Piecing it all together "was a big process" says Xayalith, whose cotton-soft vocals form the song's emotional centrepiece.

"Especially because there's acoustic guitars in that song. We recorded them so many times - getting the sound right was paramount."

Powers says the song's complexity was its "big appeal".

"It's really hard to feel like you're surprising people as a musician now. So it was inspiring to finish off - rather than spending hours trying to get it right."

The ear-destroying climax to A Stillness is a tribute to Trent Reznor's Nine Inch Nails, who have made feral sound collages an art form.

The influence continues across the album, says Powers. "It's a more alternative rock record," he says, comparing it to the band's debut.

"It's darker, there are a lot more more guitars."

Crucially, the band played everything together in rehearsal rooms before committing the music to tape.

Image caption A pre hair-dye Xayalith on the band's mammoth world tour, in 2011.

"Everything has to be playable live," insists Xayalith.

To achieve that, the band are surrounded by technology - banks of synthesizers, harmonisers, sample pads and laptops adorn the stage.

But that doesn't stop Xayalith - who, with her electric white hairstyle, resembles the X-Men character Storm - from pulling off some audacious stunts.

"There was a festival we did a couple of years ago and the stage was a bit slippery," she laughs.

"I slipped over - BUT I ended up turning it into a backwards roll. I styled it out!

"The guys were so impressed. After the show they were like, 'Alisa we had no idea you were into that kind of thing!'"

For the next tour, she suggests, "I'll have to perfect some somersaults. I'll cartwheel across the crowd instead of crowd surfing."

The band go back on the road next week. Powers says he's already started living out of a suitcase "to see if I've packed too many pairs of trousers".

Xayalith, meanwhile, is "excited" about spending time in airport boarding lounges, because she needs an excuse to finish reading Haruki Murakami's three-volume novel, 1Q84.

A self-confessed bookworm with a penchant for graphic novels, she named one of her latest songs after the I Kill Giants series, in which a young girl has to confront a terrible tragedy at home.

It transpires the song is about Xayalith's mother, who died when she was seven years old.

It was "the saddest of days", she sings over a haunting electric drone. "Why couldn't we save you?"

"Lyric writing comes from a very visceral place," the 26-year-old says.

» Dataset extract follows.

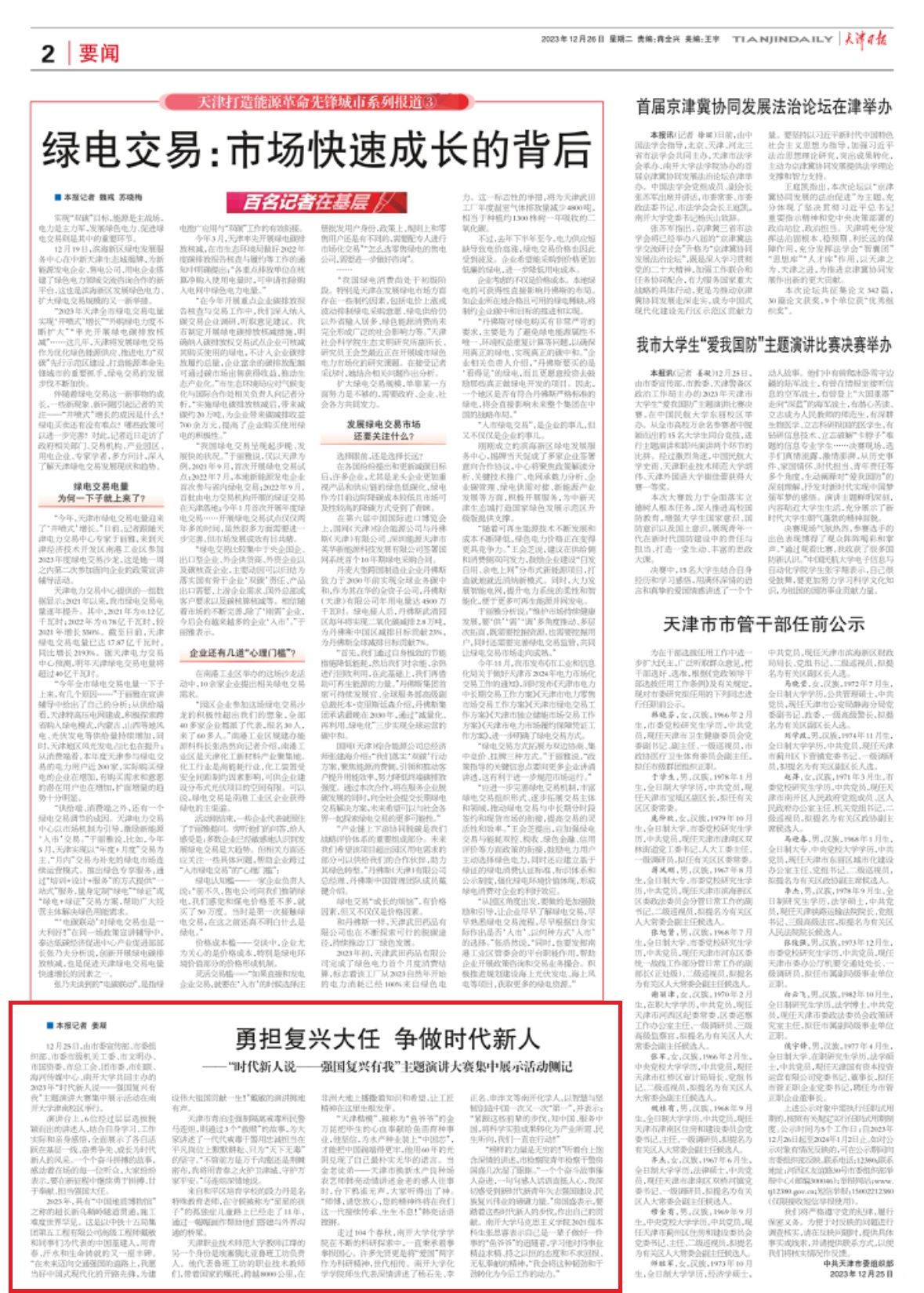 《天津日报》:勇担复兴大任 争做时代新人——“时代新人说——强国复兴有我”主题演讲大赛集中展示活动侧记

Image caption The band took their name from a song by Bristolian hip-hop artist Tricky

"Everything stems from personal experiences, then I build a world around the seed I've put down on paper."

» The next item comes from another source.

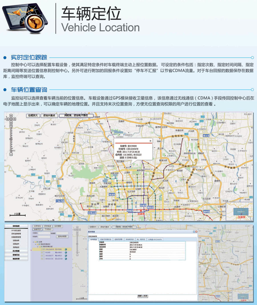 - 实时定位跟踪:控制中心可以选择配置车载设备,使其满足特定条件时车载终端主动上报位置数据。可设定的条件包括:指定次数、指定时间间隔、指定距离间隔等发送位置信息到控制中心。另外可进行附加的回报条件设置如“停车不汇报”以节省CDMA流量。对于车台回报的数据保存在数据库,监控终端可以查询。

Singing about her mother was hard but therapeutic, she has said in previous interviews. "Writing it helped me deal with everything."

She has received a lot of support from her family back in Auckland. Her uncle, who runs a local restaurant, has even sent over recipes to keep the band in good shape in their shared accommodation.

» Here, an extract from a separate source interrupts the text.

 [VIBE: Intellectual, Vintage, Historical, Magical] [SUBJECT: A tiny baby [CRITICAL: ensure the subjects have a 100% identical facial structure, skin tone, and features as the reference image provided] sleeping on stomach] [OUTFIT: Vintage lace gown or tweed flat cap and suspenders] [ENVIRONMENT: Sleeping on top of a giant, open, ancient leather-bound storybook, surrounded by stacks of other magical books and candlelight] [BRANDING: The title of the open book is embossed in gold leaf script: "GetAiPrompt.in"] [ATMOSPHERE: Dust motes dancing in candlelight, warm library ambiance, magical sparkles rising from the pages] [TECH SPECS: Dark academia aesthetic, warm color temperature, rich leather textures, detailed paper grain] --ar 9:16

But the New Zealand press hasn't always been so kind - accusing The Naked And Famous of forgetting their roots after their international success.

"There's this thing called tall poppy syndrome," sighs Xayalith.

"Whenever there is a band that becomes quite successful, New Zealanders have a way of downplaying that. Instead of celebrating it, they'd cut you down to size."

"So there's that kind of bitterness there. But, on the other hand, there are people who are tremendously supportive of us.

"It's not like we feel really awful to go home every time, so it's the least of our worries."

In Rolling Waves is out now on Fiction records. The Naked and Famous tour the UK in November / December.